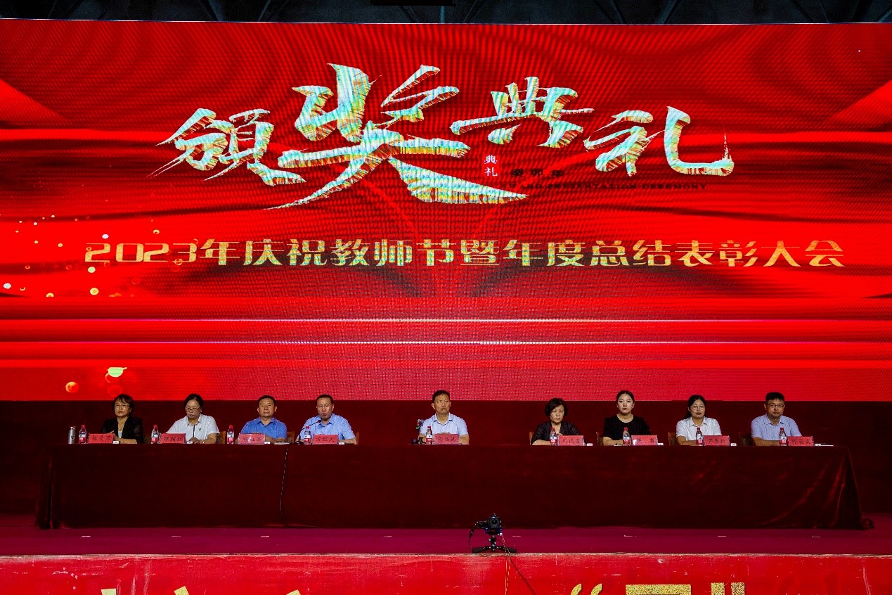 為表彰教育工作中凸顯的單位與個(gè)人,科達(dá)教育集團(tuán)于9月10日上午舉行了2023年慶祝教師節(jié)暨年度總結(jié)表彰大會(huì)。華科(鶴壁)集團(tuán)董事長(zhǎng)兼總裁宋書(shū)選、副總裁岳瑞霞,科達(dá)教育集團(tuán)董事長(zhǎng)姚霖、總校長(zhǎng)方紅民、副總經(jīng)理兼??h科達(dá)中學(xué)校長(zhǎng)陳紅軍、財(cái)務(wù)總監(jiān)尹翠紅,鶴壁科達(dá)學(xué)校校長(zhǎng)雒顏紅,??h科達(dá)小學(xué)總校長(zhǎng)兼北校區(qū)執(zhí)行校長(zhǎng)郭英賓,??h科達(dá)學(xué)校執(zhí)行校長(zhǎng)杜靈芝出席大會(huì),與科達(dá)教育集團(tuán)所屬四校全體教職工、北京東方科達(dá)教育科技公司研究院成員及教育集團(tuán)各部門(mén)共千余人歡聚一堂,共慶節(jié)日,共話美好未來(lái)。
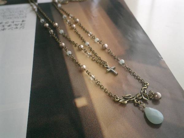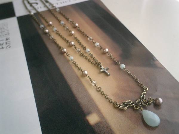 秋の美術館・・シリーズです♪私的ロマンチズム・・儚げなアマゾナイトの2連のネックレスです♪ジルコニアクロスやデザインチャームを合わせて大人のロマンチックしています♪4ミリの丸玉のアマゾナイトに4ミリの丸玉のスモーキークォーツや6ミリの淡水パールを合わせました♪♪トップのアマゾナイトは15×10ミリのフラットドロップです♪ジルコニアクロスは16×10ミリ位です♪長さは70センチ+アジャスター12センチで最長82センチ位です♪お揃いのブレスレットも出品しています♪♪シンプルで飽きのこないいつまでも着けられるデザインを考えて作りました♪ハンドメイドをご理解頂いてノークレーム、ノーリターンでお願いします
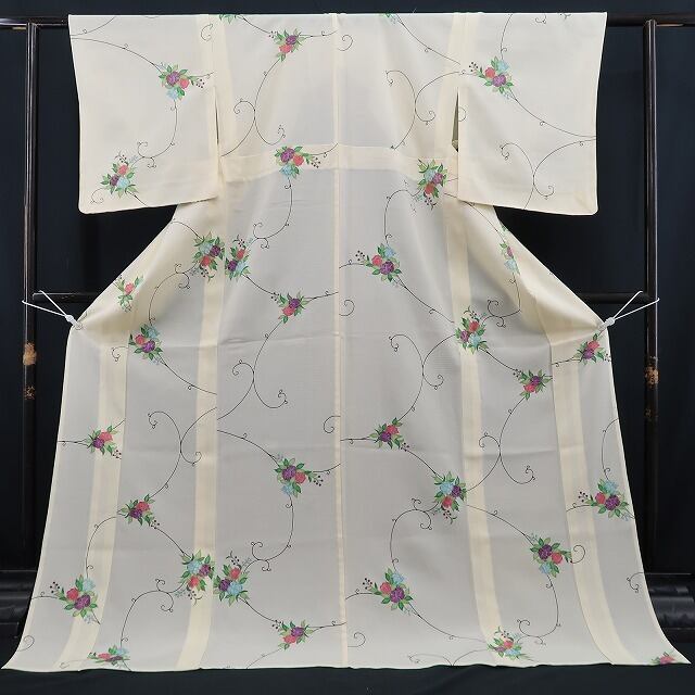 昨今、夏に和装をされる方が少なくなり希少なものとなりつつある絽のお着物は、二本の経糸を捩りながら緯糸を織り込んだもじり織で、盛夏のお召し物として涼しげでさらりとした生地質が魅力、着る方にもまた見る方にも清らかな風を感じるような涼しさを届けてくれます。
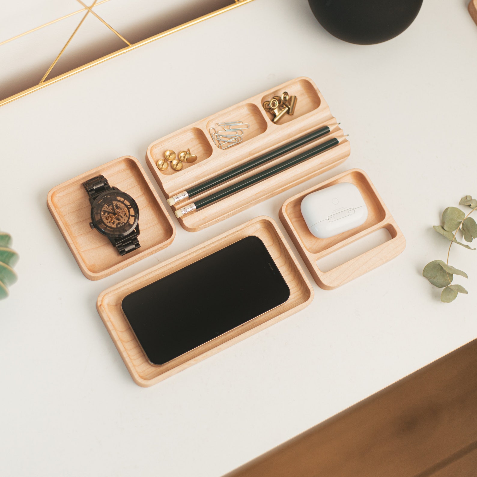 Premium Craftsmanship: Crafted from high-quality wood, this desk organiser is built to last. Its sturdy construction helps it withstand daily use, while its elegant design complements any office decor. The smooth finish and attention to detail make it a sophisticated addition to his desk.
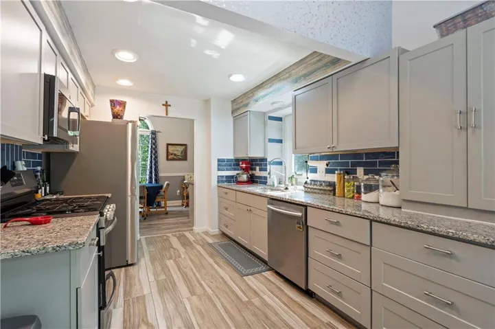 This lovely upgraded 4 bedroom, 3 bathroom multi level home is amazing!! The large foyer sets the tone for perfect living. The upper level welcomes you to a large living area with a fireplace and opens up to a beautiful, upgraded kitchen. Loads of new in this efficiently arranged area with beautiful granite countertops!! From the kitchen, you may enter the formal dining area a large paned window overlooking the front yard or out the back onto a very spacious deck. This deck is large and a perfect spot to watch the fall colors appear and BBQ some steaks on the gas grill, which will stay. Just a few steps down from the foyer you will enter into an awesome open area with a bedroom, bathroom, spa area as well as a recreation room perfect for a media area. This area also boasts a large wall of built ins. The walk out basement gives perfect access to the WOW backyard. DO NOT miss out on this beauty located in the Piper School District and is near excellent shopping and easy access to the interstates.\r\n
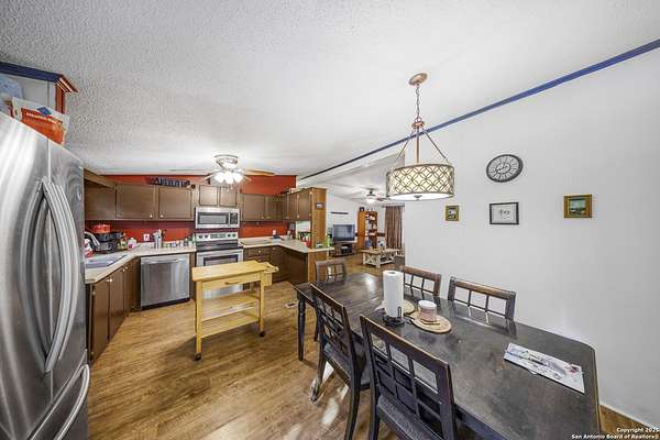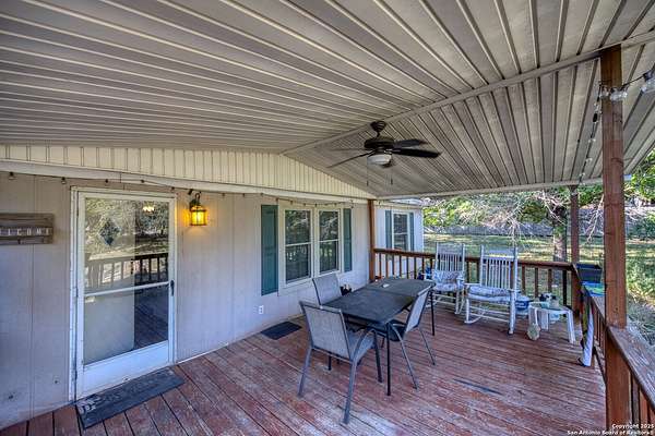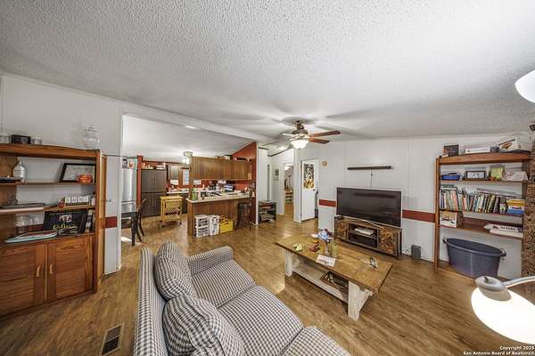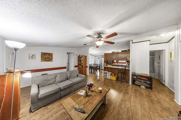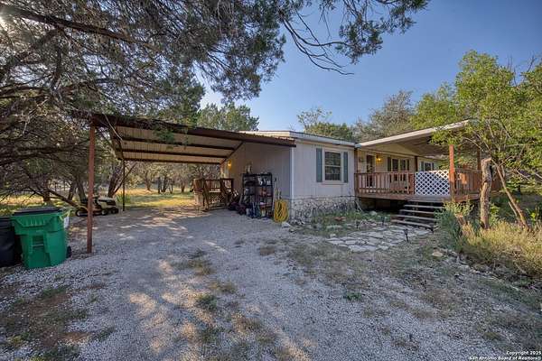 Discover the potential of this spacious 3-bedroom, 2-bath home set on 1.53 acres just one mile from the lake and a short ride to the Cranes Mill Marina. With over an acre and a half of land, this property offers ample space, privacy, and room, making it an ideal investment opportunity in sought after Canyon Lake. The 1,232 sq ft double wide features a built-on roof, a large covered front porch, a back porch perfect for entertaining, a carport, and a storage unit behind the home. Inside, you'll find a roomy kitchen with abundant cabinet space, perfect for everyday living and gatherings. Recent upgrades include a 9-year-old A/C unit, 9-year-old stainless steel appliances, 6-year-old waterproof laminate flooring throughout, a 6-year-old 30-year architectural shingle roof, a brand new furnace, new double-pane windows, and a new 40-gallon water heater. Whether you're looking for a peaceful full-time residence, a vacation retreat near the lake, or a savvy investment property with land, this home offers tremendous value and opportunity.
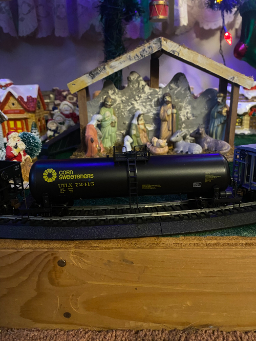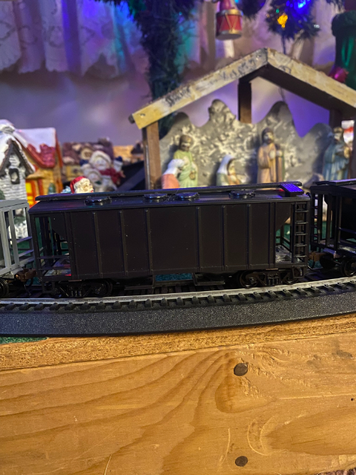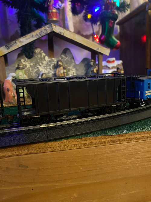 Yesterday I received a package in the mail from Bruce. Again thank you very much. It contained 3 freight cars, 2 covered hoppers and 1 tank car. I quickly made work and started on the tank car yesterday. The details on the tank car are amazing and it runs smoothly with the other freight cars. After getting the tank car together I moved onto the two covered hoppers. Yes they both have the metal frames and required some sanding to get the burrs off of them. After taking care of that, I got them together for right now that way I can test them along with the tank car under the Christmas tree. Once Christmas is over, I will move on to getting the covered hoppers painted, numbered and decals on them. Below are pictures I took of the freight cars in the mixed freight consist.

++++++++

Using the records above, print exactly the run of lines that starts with the line with "秋の美術館・・シリーズです♪" and goes on through the line with "Premium Craftsmanship: Crafted", pictures excluded.

 秋の美術館・・シリーズです♪私的ロマンチズム・・儚げなアマゾナイトの2連のネックレスです♪ジルコニアクロスやデザインチャームを合わせて大人のロマンチックしています♪4ミリの丸玉のアマゾナイトに4ミリの丸玉のスモーキークォーツや6ミリの淡水パールを合わせました♪♪トップのアマゾナイトは15×10ミリのフラットドロップです♪ジルコニアクロスは16×10ミリ位です♪長さは70センチ+アジャスター12センチで最長82センチ位です♪お揃いのブレスレットも出品しています♪♪シンプルで飽きのこないいつまでも着けられるデザインを考えて作りました♪ハンドメイドをご理解頂いてノークレーム、ノーリターンでお願いします
 昨今、夏に和装をされる方が少なくなり希少なものとなりつつある絽のお着物は、二本の経糸を捩りながら緯糸を織り込んだもじり織で、盛夏のお召し物として涼しげでさらりとした生地質が魅力、着る方にもまた見る方にも清らかな風を感じるような涼しさを届けてくれます。
 Premium Craftsmanship: Crafted from high-quality wood, this desk organiser is built to last. Its sturdy construction helps it withstand daily use, while its elegant design complements any office decor. The smooth finish and attention to detail make it a sophisticated addition to his desk.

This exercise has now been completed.